RECORD SET Start Marker
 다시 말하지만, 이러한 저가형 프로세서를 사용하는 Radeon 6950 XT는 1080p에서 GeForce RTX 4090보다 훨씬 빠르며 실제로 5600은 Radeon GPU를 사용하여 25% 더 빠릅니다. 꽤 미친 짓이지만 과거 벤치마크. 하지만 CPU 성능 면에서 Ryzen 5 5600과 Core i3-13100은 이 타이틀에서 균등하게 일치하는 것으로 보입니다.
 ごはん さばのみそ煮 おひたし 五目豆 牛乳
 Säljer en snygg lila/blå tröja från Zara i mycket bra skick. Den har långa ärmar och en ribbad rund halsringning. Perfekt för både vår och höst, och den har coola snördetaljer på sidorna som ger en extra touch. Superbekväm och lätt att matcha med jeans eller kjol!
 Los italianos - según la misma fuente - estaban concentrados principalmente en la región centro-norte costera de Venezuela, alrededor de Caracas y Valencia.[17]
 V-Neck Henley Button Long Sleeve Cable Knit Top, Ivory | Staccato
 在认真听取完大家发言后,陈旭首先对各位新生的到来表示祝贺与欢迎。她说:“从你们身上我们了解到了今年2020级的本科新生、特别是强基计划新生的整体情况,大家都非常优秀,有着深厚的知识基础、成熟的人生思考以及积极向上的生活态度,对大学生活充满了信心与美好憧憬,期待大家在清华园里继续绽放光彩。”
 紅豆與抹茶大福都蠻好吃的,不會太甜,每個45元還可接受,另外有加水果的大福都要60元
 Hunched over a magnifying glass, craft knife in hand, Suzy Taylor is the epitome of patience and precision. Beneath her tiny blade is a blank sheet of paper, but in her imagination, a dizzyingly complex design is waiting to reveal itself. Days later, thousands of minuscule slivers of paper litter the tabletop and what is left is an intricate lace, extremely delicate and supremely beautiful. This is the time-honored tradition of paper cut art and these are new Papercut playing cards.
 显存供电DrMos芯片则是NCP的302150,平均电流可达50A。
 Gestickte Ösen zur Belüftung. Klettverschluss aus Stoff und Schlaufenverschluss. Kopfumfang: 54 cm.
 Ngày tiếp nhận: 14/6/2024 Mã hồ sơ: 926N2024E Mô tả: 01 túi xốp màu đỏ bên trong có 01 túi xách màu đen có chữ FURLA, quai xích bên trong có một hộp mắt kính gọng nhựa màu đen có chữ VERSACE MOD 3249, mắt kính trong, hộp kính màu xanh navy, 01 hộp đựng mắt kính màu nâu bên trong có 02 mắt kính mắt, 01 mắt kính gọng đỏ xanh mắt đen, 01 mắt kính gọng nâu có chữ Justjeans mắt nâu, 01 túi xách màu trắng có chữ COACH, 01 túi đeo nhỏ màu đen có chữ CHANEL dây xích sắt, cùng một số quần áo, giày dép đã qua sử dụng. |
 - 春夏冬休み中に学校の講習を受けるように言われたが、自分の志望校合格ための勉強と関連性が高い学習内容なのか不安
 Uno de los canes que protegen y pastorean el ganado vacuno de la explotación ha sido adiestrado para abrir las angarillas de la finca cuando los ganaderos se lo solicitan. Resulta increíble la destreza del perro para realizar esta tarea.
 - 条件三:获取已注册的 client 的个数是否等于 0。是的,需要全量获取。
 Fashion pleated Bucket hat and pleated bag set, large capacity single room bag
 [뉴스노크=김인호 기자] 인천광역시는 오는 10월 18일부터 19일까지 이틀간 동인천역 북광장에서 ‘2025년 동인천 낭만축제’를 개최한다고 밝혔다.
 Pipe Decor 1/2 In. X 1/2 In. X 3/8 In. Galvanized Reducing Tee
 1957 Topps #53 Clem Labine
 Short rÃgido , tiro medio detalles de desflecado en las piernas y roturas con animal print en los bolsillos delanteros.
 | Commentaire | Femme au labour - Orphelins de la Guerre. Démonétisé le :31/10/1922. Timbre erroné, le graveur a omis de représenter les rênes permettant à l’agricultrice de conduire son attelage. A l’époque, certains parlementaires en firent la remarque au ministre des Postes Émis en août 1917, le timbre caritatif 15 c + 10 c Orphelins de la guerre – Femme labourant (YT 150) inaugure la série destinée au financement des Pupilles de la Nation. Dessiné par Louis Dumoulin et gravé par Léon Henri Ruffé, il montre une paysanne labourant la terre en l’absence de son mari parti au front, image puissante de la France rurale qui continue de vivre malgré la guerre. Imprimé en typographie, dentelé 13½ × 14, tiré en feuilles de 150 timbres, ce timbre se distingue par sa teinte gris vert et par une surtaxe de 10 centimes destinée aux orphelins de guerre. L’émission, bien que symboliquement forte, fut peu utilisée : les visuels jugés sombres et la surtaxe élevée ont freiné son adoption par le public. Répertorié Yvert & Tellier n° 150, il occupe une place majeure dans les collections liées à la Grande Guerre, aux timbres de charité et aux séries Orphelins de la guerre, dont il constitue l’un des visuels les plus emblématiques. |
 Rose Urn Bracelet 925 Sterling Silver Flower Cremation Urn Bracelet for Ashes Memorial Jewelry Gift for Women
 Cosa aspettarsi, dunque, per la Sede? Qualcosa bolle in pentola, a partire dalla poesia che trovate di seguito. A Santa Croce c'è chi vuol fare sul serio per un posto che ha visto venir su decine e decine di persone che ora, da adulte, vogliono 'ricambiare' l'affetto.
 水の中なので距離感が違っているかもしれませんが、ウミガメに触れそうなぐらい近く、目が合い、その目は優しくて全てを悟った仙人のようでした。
RECORD SET End Marker
EXERCISE BRIEF: Please give back the records exactly as written, beginning at the first line and including the line that holds "ごはん さばのみそ煮 おひたし 五目豆 牛乳" as the last.

COMPLETED TASK:
 다시 말하지만, 이러한 저가형 프로세서를 사용하는 Radeon 6950 XT는 1080p에서 GeForce RTX 4090보다 훨씬 빠르며 실제로 5600은 Radeon GPU를 사용하여 25% 더 빠릅니다. 꽤 미친 짓이지만 과거 벤치마크. 하지만 CPU 성능 면에서 Ryzen 5 5600과 Core i3-13100은 이 타이틀에서 균등하게 일치하는 것으로 보입니다.
 ごはん さばのみそ煮 おひたし 五目豆 牛乳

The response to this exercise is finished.